You may request them by contacting us at:
Office of the Auditor General
2910 N. 44th Street, Suite 410 • Phoenix, AZ 85018 • (602) 553-0333
Additionally, many of our reports can be found in electronic format at:
www.azauditor.gov
Maricopa County
Report on Internal Control and Compliance
Year Ended June 30, 2009
Table of Contents Page
Report on Internal Control over Financial Reporting and on Compliance and
Other Matters Based on an Audit of Basic Financial Statements Performed in
Accordance with Government Auditing Standards
1
Schedule of Findings and Recommendations 3
County Response
Report Issued Separately
Comprehensive Annual Financial Report
2910 NORTH 44th STREET • SUITE 410 • PHOENIX, ARIZONA 85018 • (602) 553-0333 • FAX (602) 553-0051
DEBRA K. DAVENPORT, CPA
AUDITOR GENERAL
STATE OF ARIZONA
OFFICE OF THE
AUDITOR GENERAL WILLIAM THOMSON
DEPUTY AUDITOR GENERAL
Independent Auditors’ Report on Internal Control over Financial Reporting
and on Compliance and Other Matters Based on an Audit of Basic Financial
Statements Performed in Accordance with Government Auditing Standards
Members of the Arizona State Legislature
The Board of Supervisors of
Maricopa County, Arizona
We have audited the financial statements of the governmental activities, aggregate discretely presented
component units, each major fund, and aggregate remaining fund information of Maricopa County as of
and for the year ended June 30, 2009, which collectively comprise the County’s basic financial statements,
and have issued our report thereon dated December 22, 2009. Our report was modified to include a
reference to our reliance on other auditors. We conducted our audit in accordance with U.S. generally
accepted auditing standards and the standards applicable to financial audits contained in Government
Auditing Standards, issued by the Comptroller General of the United States. Other auditors audited the
financial statements of the Stadium District, Risk Management, Employee Benefits Trust, and the Housing
Authority of Maricopa County, as described in our report on the County’s financial statements.

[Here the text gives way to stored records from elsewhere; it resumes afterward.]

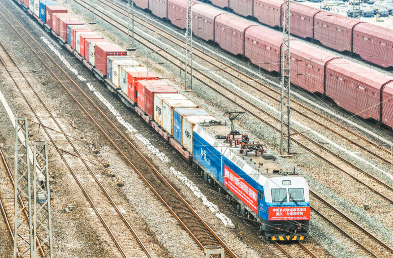 12月15日,一列装载化工产品、摩托车零配件等货物的中新多式联运示范项目重庆—东南亚班列缓缓驶出重庆鱼嘴站,将向南经广西钦州以铁海联运方式发往新加坡。与此同时,另一条轨道上,一列装载汽车KD件的中新多式联运示范项目重庆—中亚国际班列同步发车,将向西经阿拉山口以国际铁路联运方式发往哈萨克斯坦。 新华社记者 唐奕 摄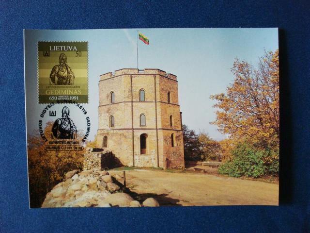 "Gedinimo pilies bokštas" atvirukas su 1991 "Gedinimas" pašto ženklu.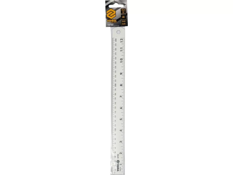 Pevné hliníkové pravítko s celkovou dĺžkou 300 mm s milimetrovým delením do 300 mm na spodnom okraji a palcovým delením do 12" na hornom okraji. Určené na meranie a rysovanie.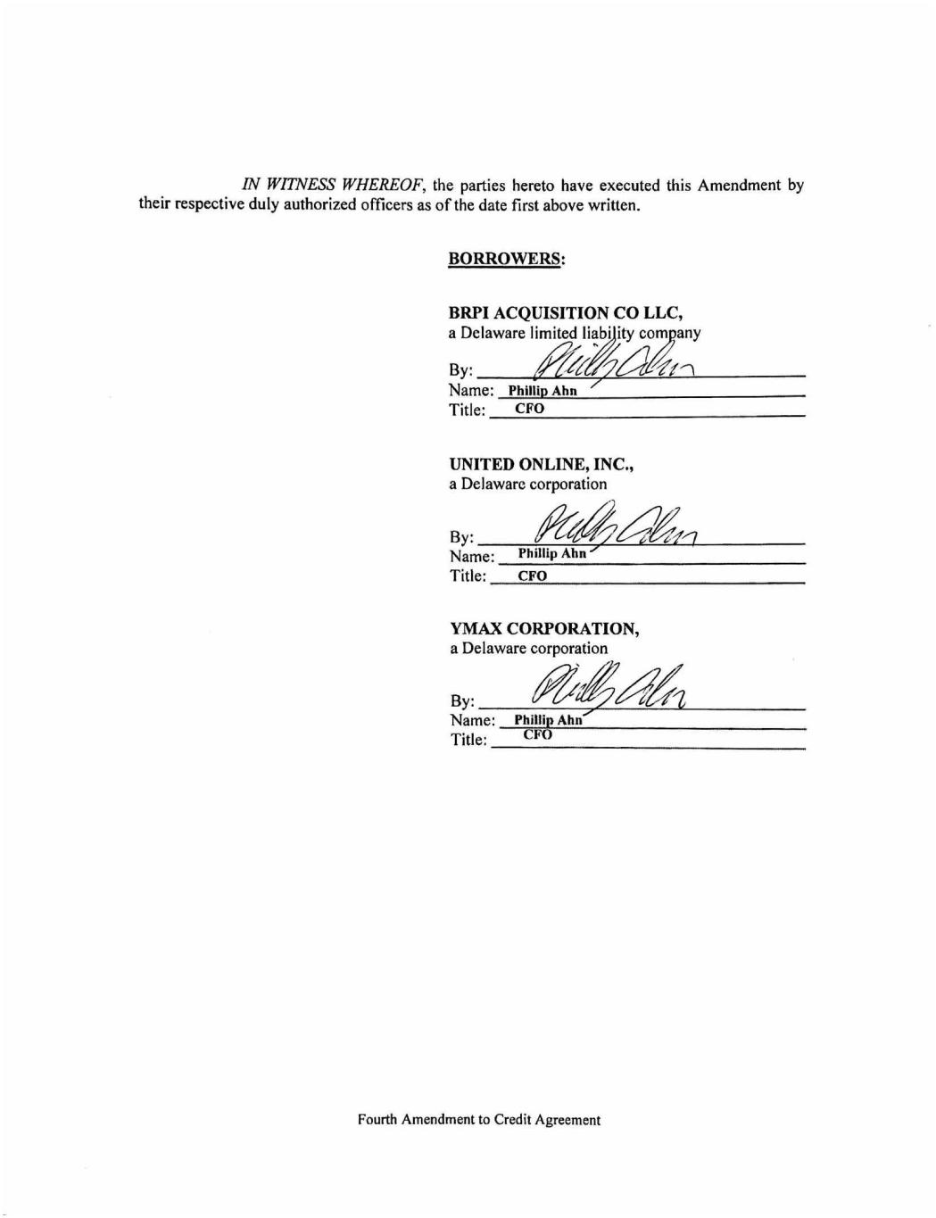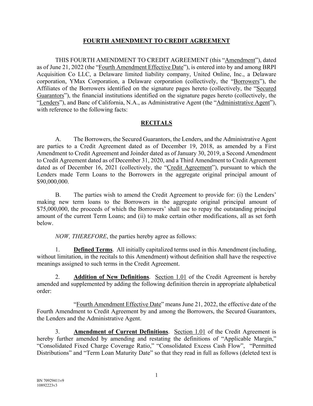 1 BN 70929411v9 10892223v3 FOURTH AMENDMENT TO CREDIT AGREEMENT THIS FOURTH AMENDMENT TO CREDIT AGREEMENT (this “Amendment”), dated as of June 21, 2022 (the “Fourth Amendment Effective Date”), is entered into by and among BRPI Acquisition Co LLC, a Delaware limited liability company, United Online, Inc., a Delaware corporation, YMax Corporation, a Delaware corporation (collectively, the “Borrowers”), the Affiliates of the Borrowers identified on the signature pages hereto (collectively, the “Secured Guarantors”), the financial institutions identified on the signature pages hereto (collectively, the “Lenders”), and Banc of California, N.A., as Administrative Agent (the “Administrative Agent”), with reference to the following facts: RECITALS A. The Borrowers, the Secured Guarantors, the Lenders, and the Administrative Agent are parties to a Credit Agreement dated as of December 19, 2018, as amended by a First Amendment to Credit Agreement and Joinder dated as of January 30, 2019, a Second Amendment to Credit Agreement dated as of December 31, 2020, and a Third Amendment to Credit Agreement dated as of December 16, 2021 (collectively, the “Credit Agreement”), pursuant to which the Lenders made Term Loans to the Borrowers in the aggregate original principal amount of $90,000,000. B. The parties wish to amend the Credit Agreement to provide for: (i) the Lenders’ making new term loans to the Borrowers in the aggregate original principal amount of $75,000,000, the proceeds of which the Borrowers’ shall use to repay the outstanding principal amount of the current Term Loans; and (ii) to make certain other modifications, all as set forth below. NOW, THEREFORE, the parties hereby agree as follows: 1. Defined Terms. All initially capitalized terms used in this Amendment (including, without limitation, in the recitals to this Amendment) without definition shall have the respective meanings assigned to such terms in the Credit Agreement. 2. Addition of New Definitions. Section 1.01 of the Credit Agreement is hereby amended and supplemented by adding the following definition therein in appropriate alphabetical order: “Fourth Amendment Effective Date” means June 21, 2022, the effective date of the Fourth Amendment to Credit Agreement by and among the Borrowers, the Secured Guarantors, the Lenders and the Administrative Agent. 3. Amendment of Current Definitions. Section 1.01 of the Credit Agreement is hereby further amended by amending and restating the definitions of “Applicable Margin,” “Consolidated Fixed Charge Coverage Ratio,” “Consolidated Excess Cash Flow”, “Permitted Distributions” and “Term Loan Maturity Date” so that they read in full as follows (deleted text is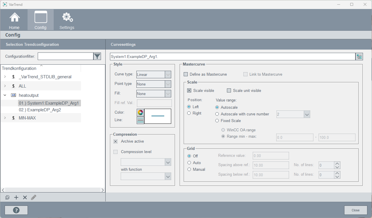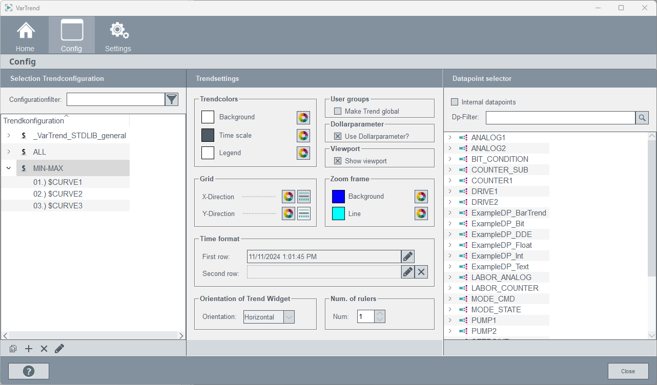 If a trend configuration is selected, the parameters of that configuration are displayed. In addition, a datapoint selector is also shown. This allows you to add curves to the current trend configuration by drag and drop. The individual sections of the Trend Settings are described below.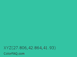 XYZ 27.806,42.864,41.93 Color is a normal cyan color and the nearest color is Shamrock #33cc99. Hex code #33c4a4 and RGB value is rgb(51,196,164). In RGB color space, this color is composed of 20% red, 77% green, 64% blue, In CMYK color space, this color is composed of 74% cyan, 0% magenta, 16% yellow , 23% black , In HSL color space, this color has a hue angle of 167° , 59% saturation and 48% lightness.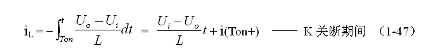 式中i(Ton+)為控制開關K從Ton轉換到Toff的瞬間之前流過電感的電流,i(Ton+)也可以寫為i(Toff-),即:控制開關K關斷或接通瞬間,之前和之后流過電感L的電流相等。實際上(1-47)式中的i(Ton+)就是(1-45)式中的iLm,因此,(1-9)式可以改寫為: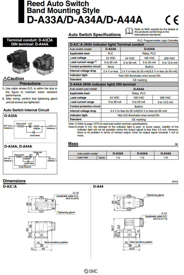 D-A33A,D-A34A,D-A44A,SMC自動開關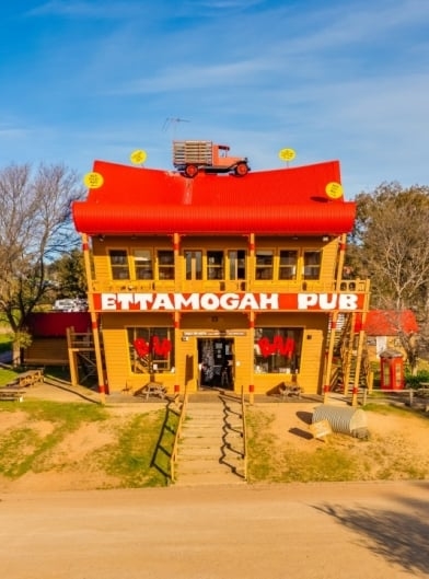 An Albury local, Maynard named the pub in his cartoon after a local water hole he used to cycle to called Ettamogah, an Aboriginal word meaning ‘place of good drink’. The landmark hotel was built and opened in 1987 as a themed family restaurant; it brought Maynard’s vision to life with distinctive architecture modelled on the cartoon. Unique design features include dramatically slanted timber walls, a bull-nosed verandah, and the signature 1927 Chevrolet truck perched on a bright red roof.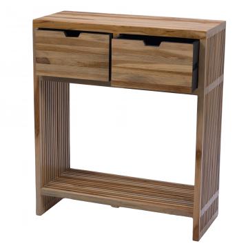 Console en MDF et teck naturel, au design épuré et fonctionnel, idéale pour compléter une gamme de meubles d'appoint. Ses deux tiroirs offrent un espace de rangement pratique, tandis que sa structure ajourée apporte légèreté visuelle. Dimensions compactes (70x30x80 cm) adaptées aux petits espaces. Produit robuste et esthétique, parfait pour les personnes recherchant un meuble naturel et contemporain.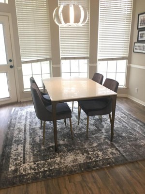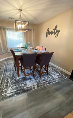 This was the final purchase for my pandemic-inspired kitchen refresh, and it truly pulled the dining nook together. White table; gray chairs; I took a chance on the grays working well together, and they did as there are many shades of gray in the rug. The size was perfect too, the chairs stay on the rug when pulled out, plenty of coverage. This was a great choice at a great price!

This report
includes our consideration of the results of the other auditors’ testing of internal control over financial
reporting and compliance and other matters that are reported on separately by those other auditors.
However, this report, insofar as it relates to the results of the other auditors, is based solely on the reports
of the other auditors.
Internal Control over Financial Reporting
In planning and performing our audit, we considered the County’s internal control over financial reporting
as a basis for designing our auditing procedures for the purpose of expressing our opinions on the basic
financial statements, but not for the purpose of expressing an opinion on the effectiveness of the County’s
internal control over financial reporting. Accordingly, we do not express an opinion on the effectiveness of
the County’s internal control over financial reporting.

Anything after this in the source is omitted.